Is America Exporting a Huge Environmental Problem?

"Everywhere there's space -- empty lots, swampy areas -- they'll throw the cathode-ray tubes, the computer carcasses, the plastic housings and routinely set them ablaze," Puckett said.

Puckett says his group saw dusty warehouses piled high with computers and components exported from the United States and Europe, supposedly bought for Nigerians to fix and use.

According to Puckett, however, "About 75 percent of what they were receiving was not repairable, not usable and was simply dumped and burned in the landfills of Africa."

That's what's happening to many of the old computers we get rid of. They're sent overseas. We're simply exporting a huge environmental problem.

"The recyclers that are shipping over there certainly know what's going on, and it's good business," said Lauren Roman, an electronics recycler and an expert on the hazardous chemicals found in household electronics.

Still, some recycling brokers "20/20" talked to insisted that sending the machines abroad helped get computers into the hands of societies that need them.

Roman disagrees with that.

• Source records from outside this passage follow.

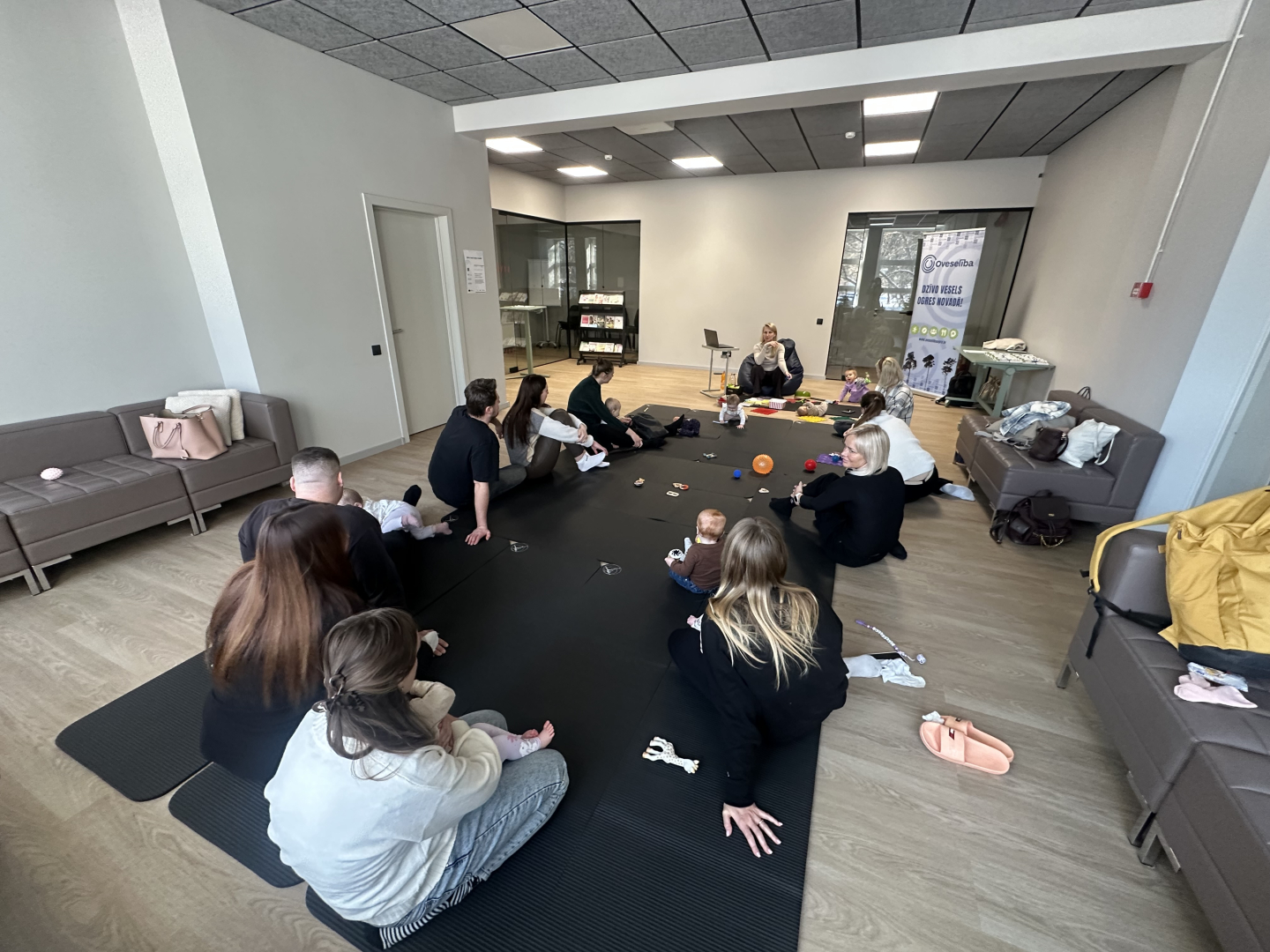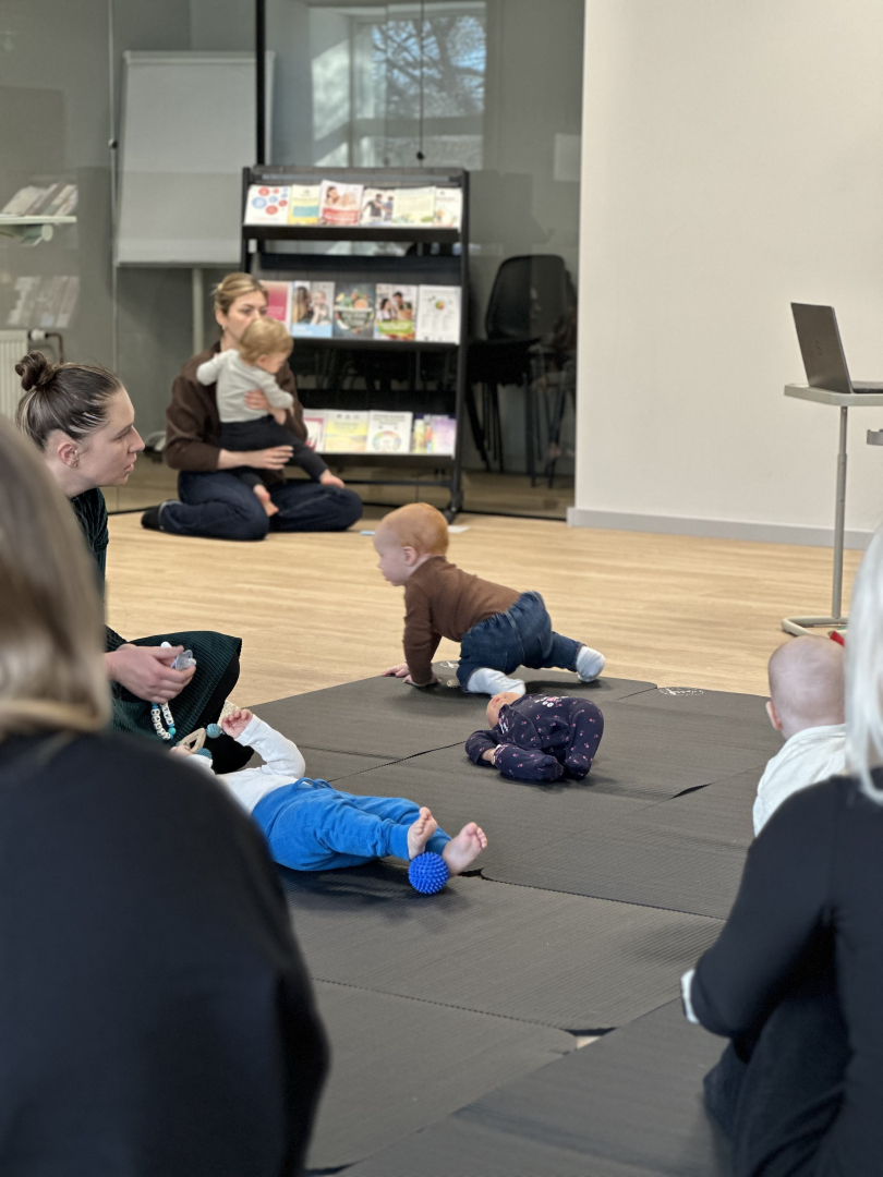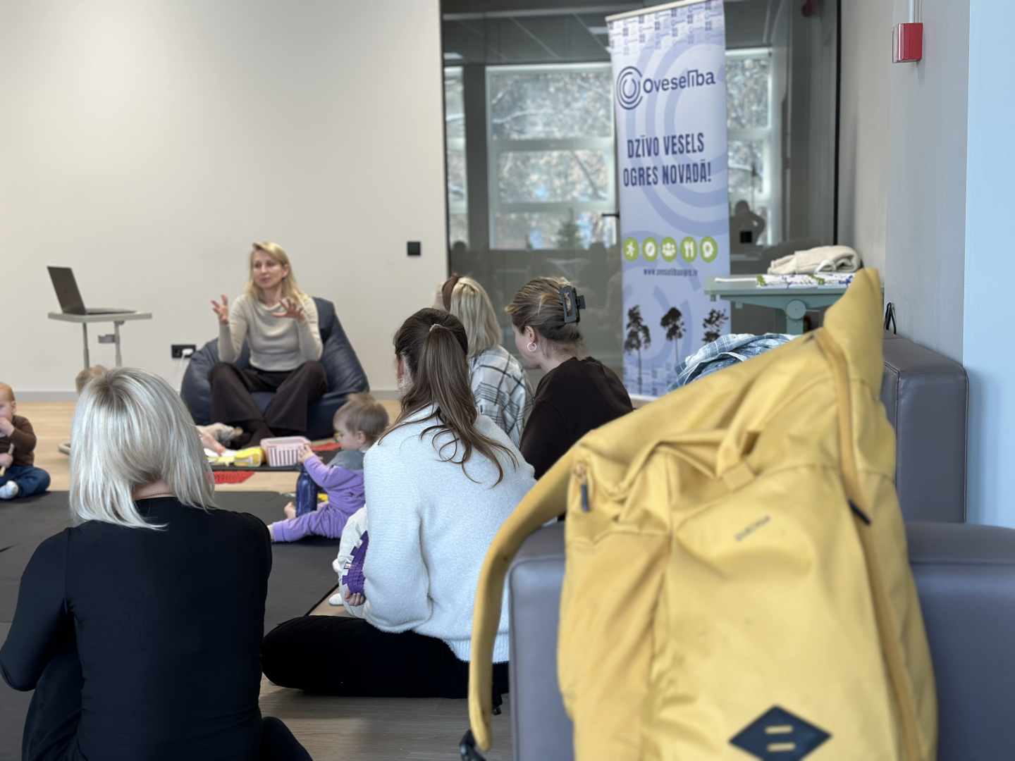 Oveselība telpās aizvadīta izzinoša un praktiska nodarbība vecākiem par sīkās motorikas attīstību mazuļa pirmajā dzīves gadā
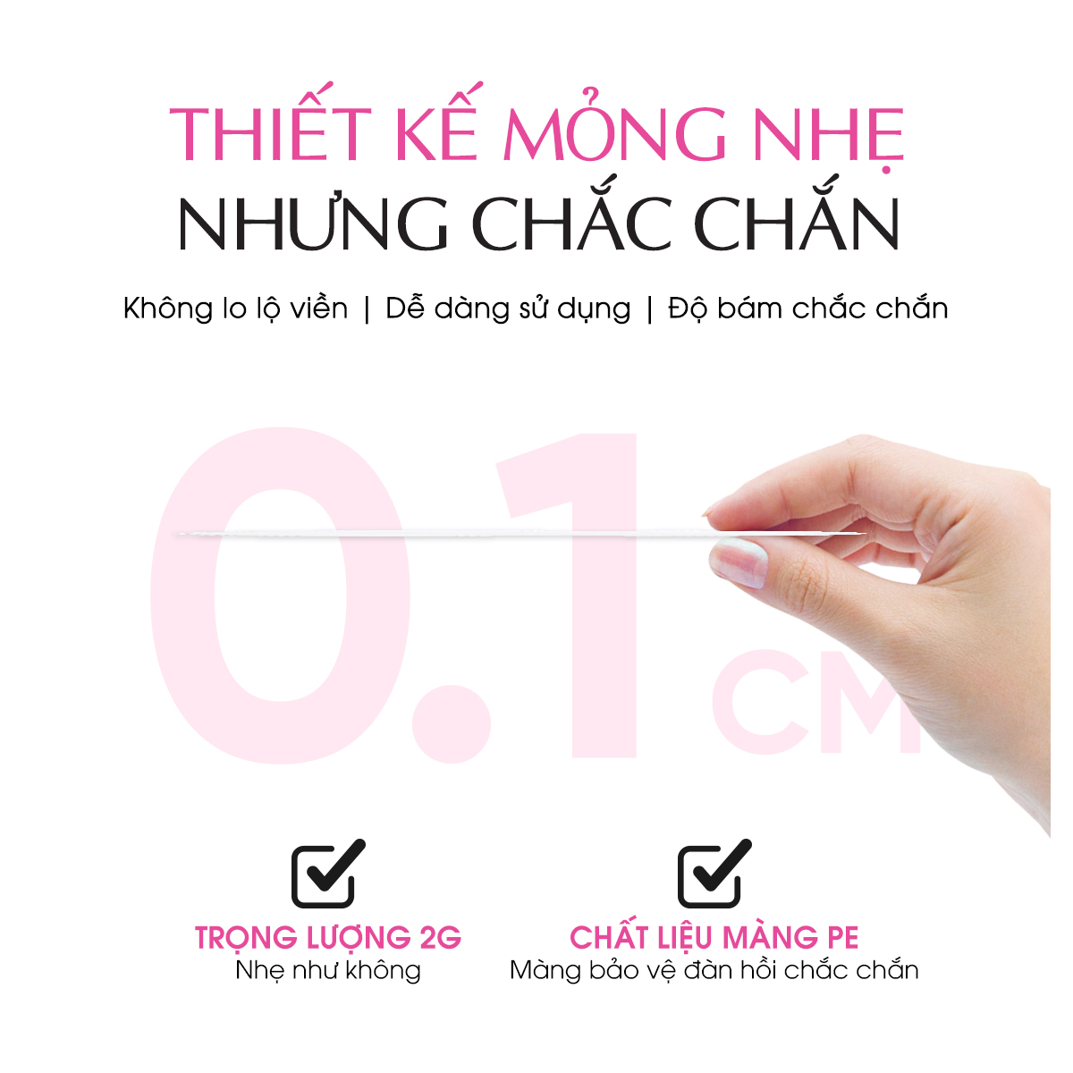 - Siêu mỏng, không lộ viền khi sử dụng
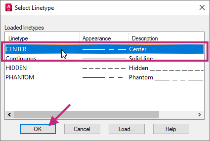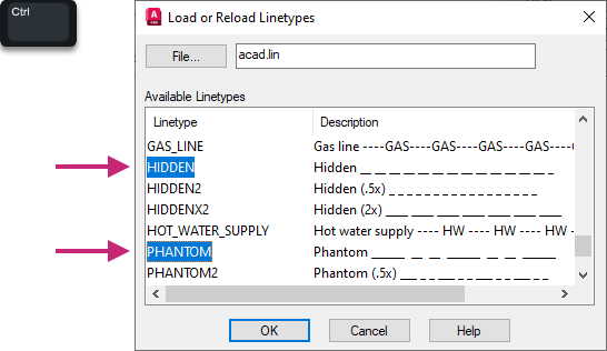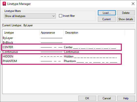 In the Load or Reload Linetypes dialog box, hold down the Ctrl key and select CENTER, HIDDEN, and PHANTOM from the Available Linetypes list. Click OK.
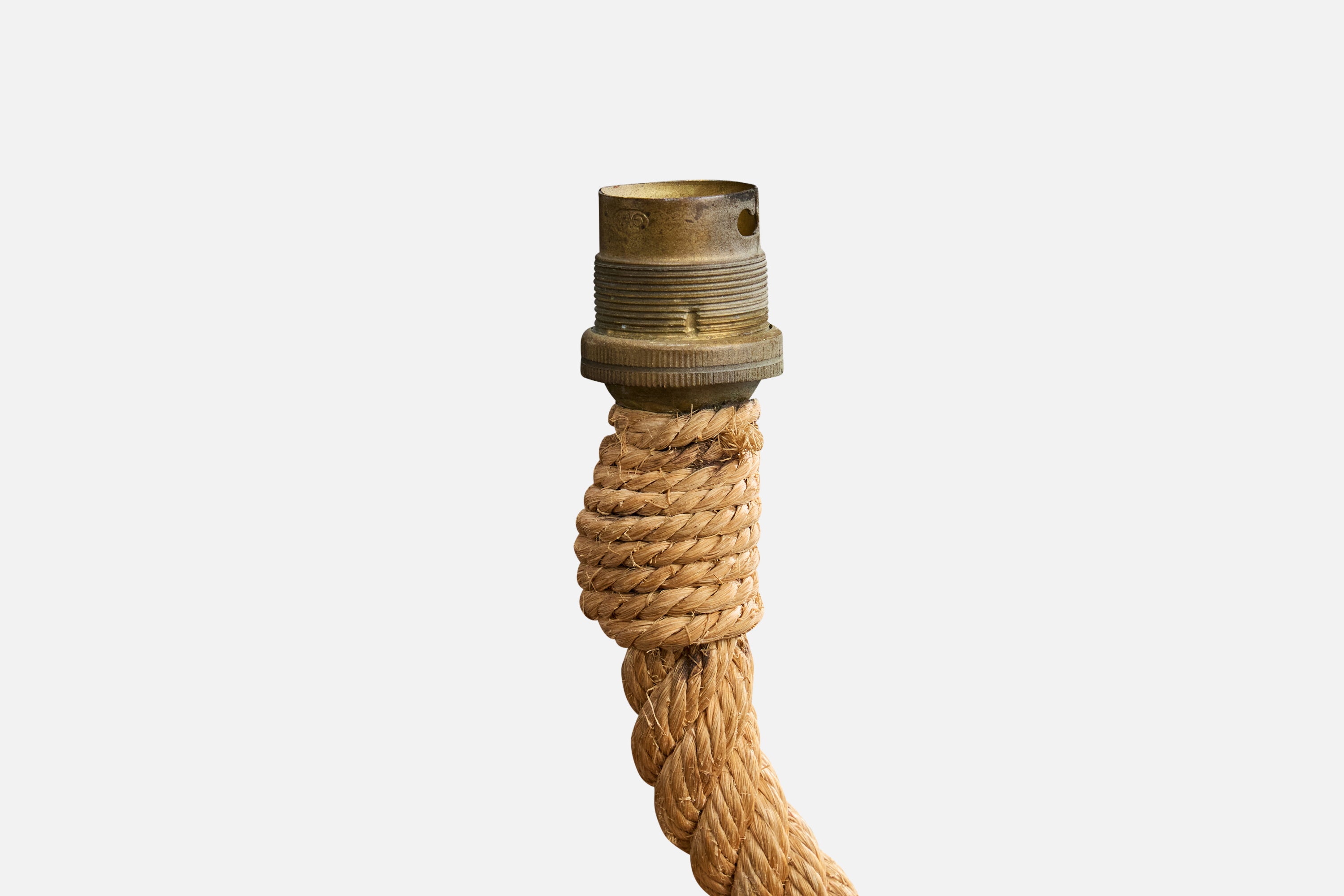A rope, brass and white fabric table lamp designed and produced in France, c. 1960s.
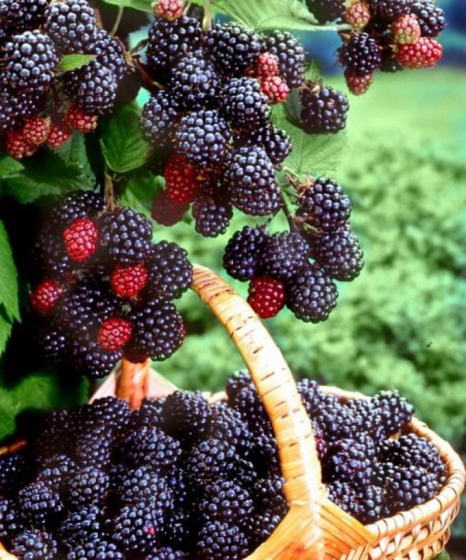 These large, juicy-sweet, blue-black berries grow abundantly in summer. Enjoy the firm, nutritious berries as a snack or instant dessert; and they're superb in a pie, mousse or sorbet. These highly productive thornless blackberry plants are semi-upright, and easy to maintain.
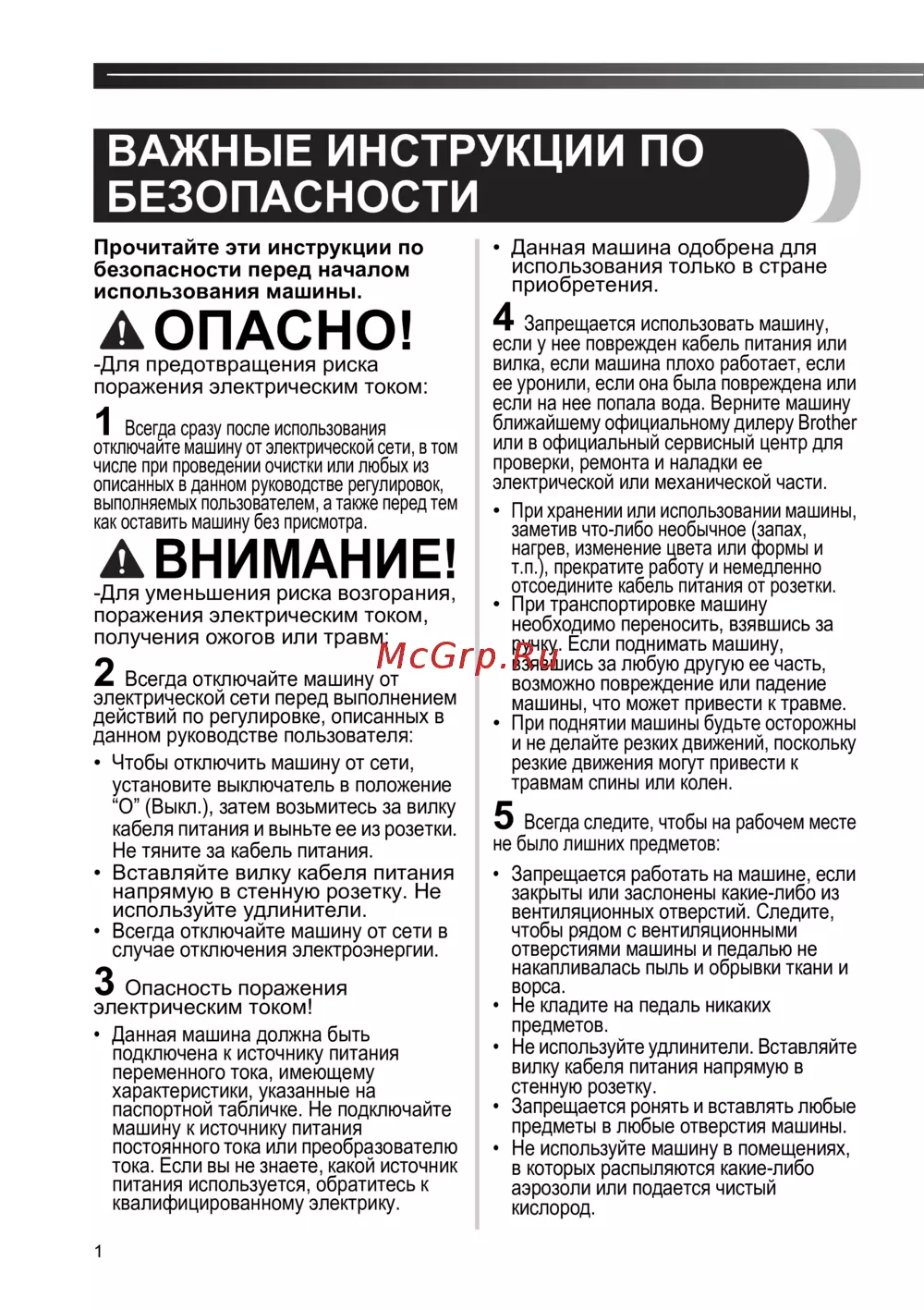 - Не включайте машину во время нажатия на педаль машина может неожиданно начать работать что может привести к телесным повреждениям или порче машины p.38
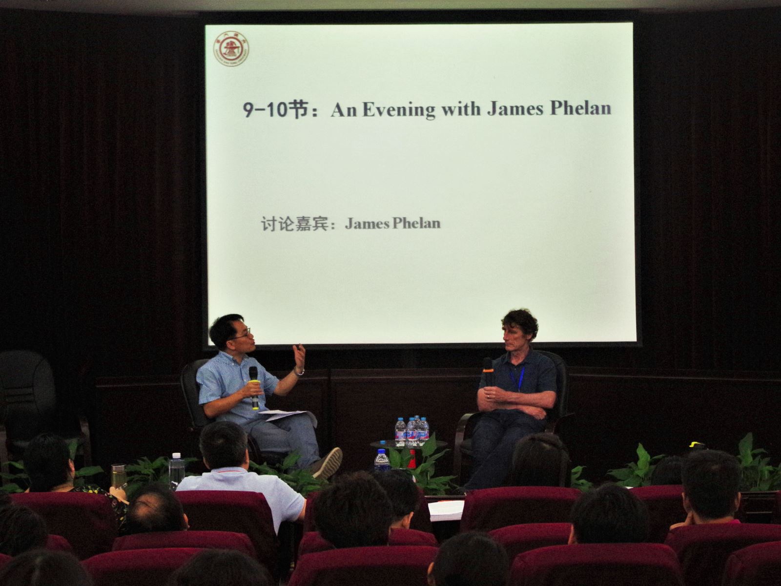 7月16日晚上,会务组精心组织安排了“詹姆斯•费伦之夜”(An Evening with James Phelan)。在这一环节,尚必武教授与詹姆斯•费伦教授以座谈的形式,就叙事学的相关前沿和焦点话题进行了深入的讨论。尚必武教授在座谈中首先对费伦教授个人目前的学术研究中的核心理论做了扼要回顾,并就其中的虚构性、不可靠叙述、叙述交流、叙事伦理等关键点与费伦教授进行激烈而富有洞见的交流,为参会人员提供了一场叙事学的知识盛宴。
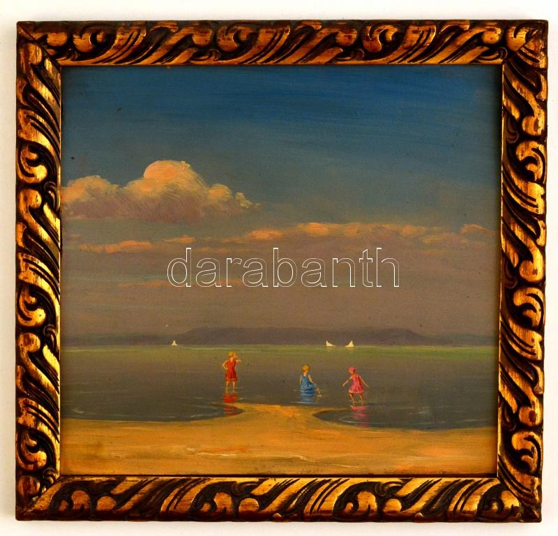 Beschreibung: Kerekes József (1892-1938): Fürdőzés a Balaton déli partján, olaj, karton, hátulján jelzett, fa keretben, 25×26,5 cm
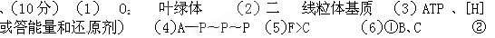 (5)下图二表示棉田内,棉叶在一天内吸收二氧化碳变化情况,如果C、F时间所合成的葡萄糖速率相等,均为36mg/dm2·h,则A、C、F三点的呼吸强度的比较结果是 。试分析产生这一结果的原因: ,其中C点时的呼吸强度为 mgCO2/dm2·h。
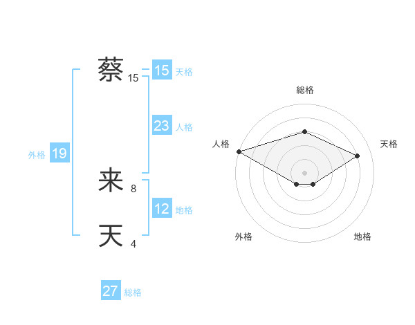 蔡 来天さんの天格は15画の4点!
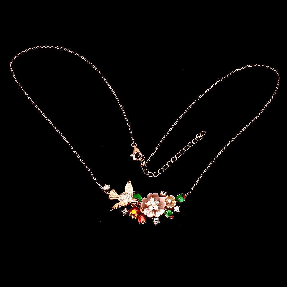 Zarte Collierkette mit einem Vögelchen, Perlmutt-Blüten, emaillierten Blumen und Blättern sowie weißen Cubic Zirconia gefasst in 925 Sterlingsilber 585 rosévergoldet
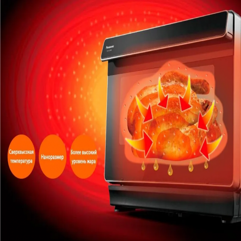 При использовании 3х типов теплогенерации еда интенсивно пропекается, как изнутри, так и снаружи, что значительно ускоряет процесс готовки. Высокотемпературный пар испаряет лишнее масло и соли, при этом сохраняя питательные вещества. Уровень испарения масла 130% по сравнению с обычной конвекционной печью По сравнению с готовкой на пару новая система позволяет сохранить 130% антоцианина и 115% таурина.
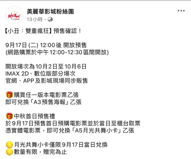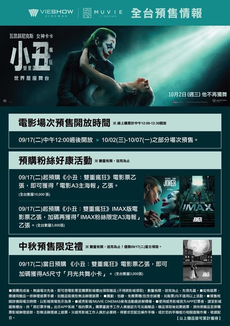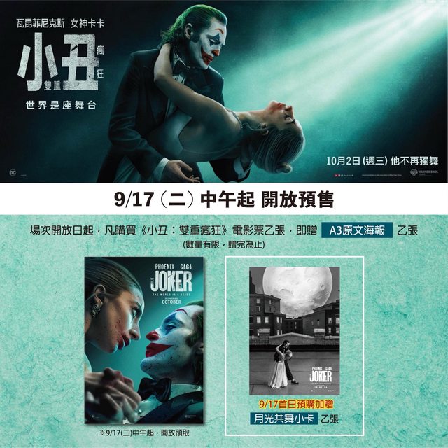 標題[情報] 《小丑:雙重瘋狂》9/17預售票 全國開賣!

She said lots of companies should call themselves waste exporters instead of recyclers. And she showed "20/20" just how easy it is to pass yourself off as a responsible recycler.

You can simply print out a certificate declaring yourself an Environmental Protection Agency-certified recycler.

It's that simple, according to Roman, "because there's no such thing, but you can claim it because most of the recyclers out there are."

Personal Data Often Remains on Discarded Computers

And there's one more thing you should worry about when you throw out your old computer. Call it dirty little secret No. 3. And this one affects you very personally.

Everything that's been on your computer's hard drive -- unless you know how to wipe it clean -- is still there. And it will be there if you donate it to charity, or give it to a friend, or throw it out or recycle it.

When Puckett's group was in Nigeria, they bought hard drives that they discovered had a wealth of private information on them.

"One of these hard drives had documents from the Wisconsin Department of Health and Family services, another from the World Bank. So even if you are not concerned about the environment, you should be concerned about your very, very private data," he said.

But there are some solutions to the mounting e-waste problem. Let's start with hard drives. One good way to trash your hard drive is literally to trash your hard drive. Smash it by taking a hammer to it.

There are also less barbaric ways, especially if you want someone else to be able to use it. There are programs you can buy or download that will truly get rid of everything.

The growing recycling problem is a bit more complicated. Roman and other advocates say we should do with computers and television monitors and fax machines what we do with soda pop bottles or cans: Pay a fee up front that is returnable to you when you get rid of your electronics properly.

Roman says Europe is far ahead of the United States in this regard. Indeed, in Europe it is the manufacturers who are responsible for taking back and properly recycling old computers.

Here's the bottom line: Now that you know you can't -- or at least you shouldn't -- ignore this problem, don't throw out your computers. Look into participating in -- or starting a community-based electronics recycling drive.